By Lana Bluege, Regional Program Coordinator
Coalition of Northeastern Governors
On October 24th the New England environmental commissioners and invited guests met in Portsmouth, NH at the Pease Field Office to discuss regional efforts on various environmental topics and best practices. Due to the history of the Pease Tradeport, it was only natural to discuss Per- and polyfluoroalkyl substances (PFAS), the compound that has been an important topic in regional and national conversations due to various cases of water contamination. Aqueous film forming foam (AFFF), which contains large quantities of PFAS, was originally used to extinguish fires and was prominent in air force training sessions. In 2014 PFAS contamination was detected within wells around the Pease Tradeport and subsequently affected the community around it. Over the years, testing has been underway to determine levels of PFAS in drinking, surface, and ground water. The Pease Tradeport was one of the first sites of contamination and this compound has been popping up in various locations throughout New England since. Around the table, commissioners, EPA Region 1 officials and staff continued the conversation on how to understand this threat and address it properly including the federal task force that was established and statewide testing of not only PFAS but any chemical compound that threatens human safety. Staff at the Pease Tradeport advised NECOE that Portsmouth will also have a new Pease Water Treatment System up and running by the spring of 2019.
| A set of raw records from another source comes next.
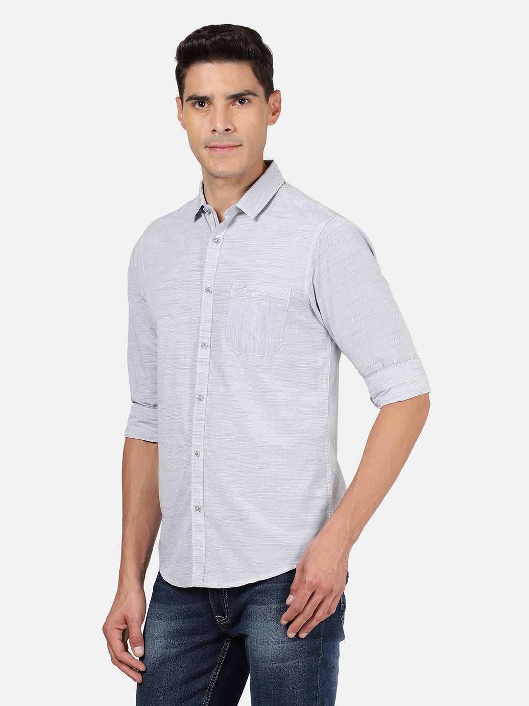 Striped Full Sleeve 100% Cotton Shirt Light Blue
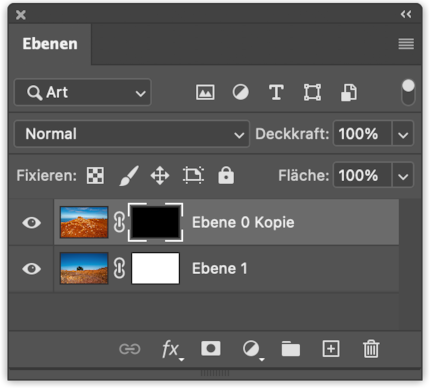 Vous verrez alors une deuxième icône à côté de la vignette du calque : c'est le masque de calque. Il est normalement blanc au début. Si vous cliquez sur l'icône de création tout en maintenant la touche Alt enfoncée, vous obtenez un masque de calque noir. Si la surface est blanche, tout le calque est visible ; si elle est noire, tout ce qui se trouve sur ce calque est invisible.
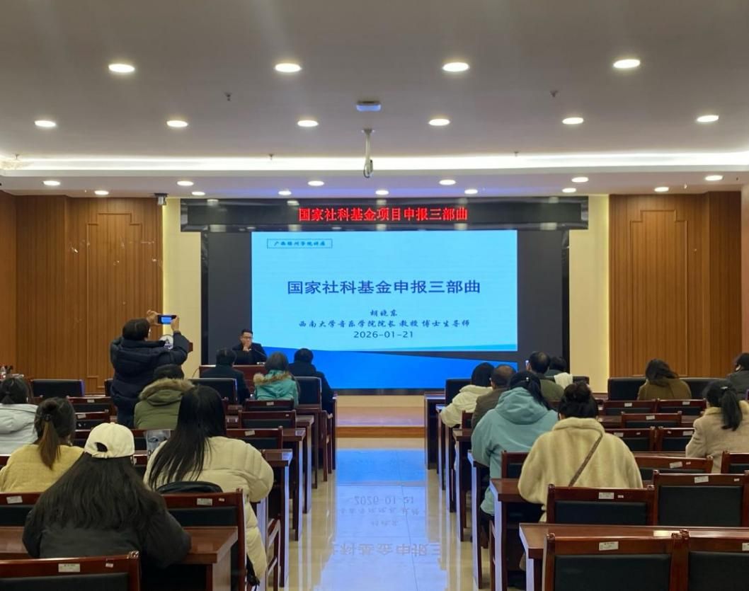 1月21日下午,西南大学音乐学院院长胡晓东教授受邀走进梧州学院教师教育学院,以《国家社科基金项目申报三部曲》为题开展专题讲座。
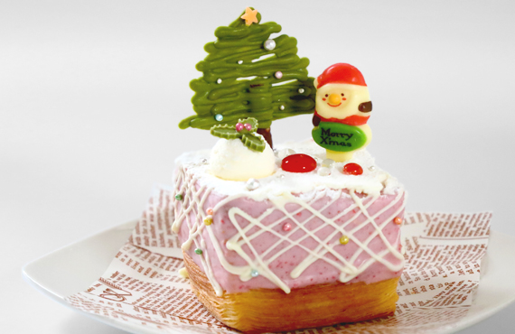 ミルフィーユブレッドの中に、カスタード、いちご、いちごジャムつめ込み、上部にはチョコで作ったサンタやツリーを飾りました。
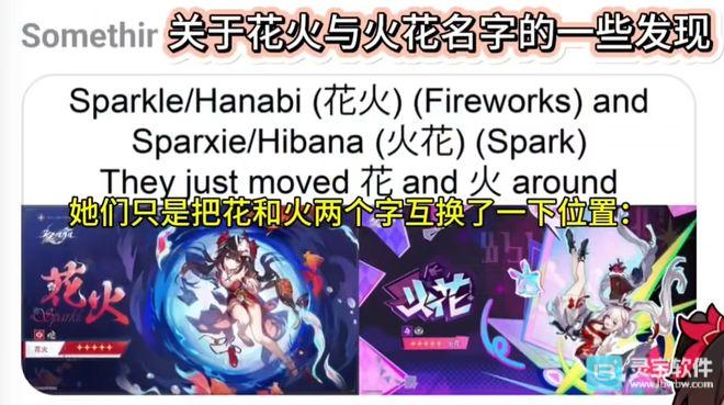 “火花”作为“花火”的SP形态,其命名方式延续了“大黑塔”等角色的换字传统。官方设定暗示其可能是一位虚拟。。,早在3.8版本上线的遗器“。。间的千窗万面”故事中,虚拟。。“花奈咪”的经历就已埋下伏笔,其角色外貌细节与火花高度吻合。

In addition, to the continual discussion on PFAS and safe drinking water, the commissioners invited The Northeast Waste Management Officials Association (NEWMOA) and Executive Director, Terri Goldberg, to the meeting. The discussion focused on the difficult situation New England and the country are facing with the processing of recyclable materials and the current limitations set by China. As a region, it is important to collaborate with one another to discover a solution on how to handle the quantity of plastics that burden our region and the world while promoting and communicating similar standards and guidelines to the public on how to properly dispose of these recyclable materials. Commissioners will have a follow-up discussion and determine how the region will move forward.
While the majority of the commissioners will meet this upcoming winter for their quarterly meeting, we would like to say thank you and good luck to Commissioner Paul Mercer (Maine DEP) and Commissioner Rob Klee (Connecticut DEEP) who will likely continue their altruistic stewardship and passion in their next chapter of their career and life.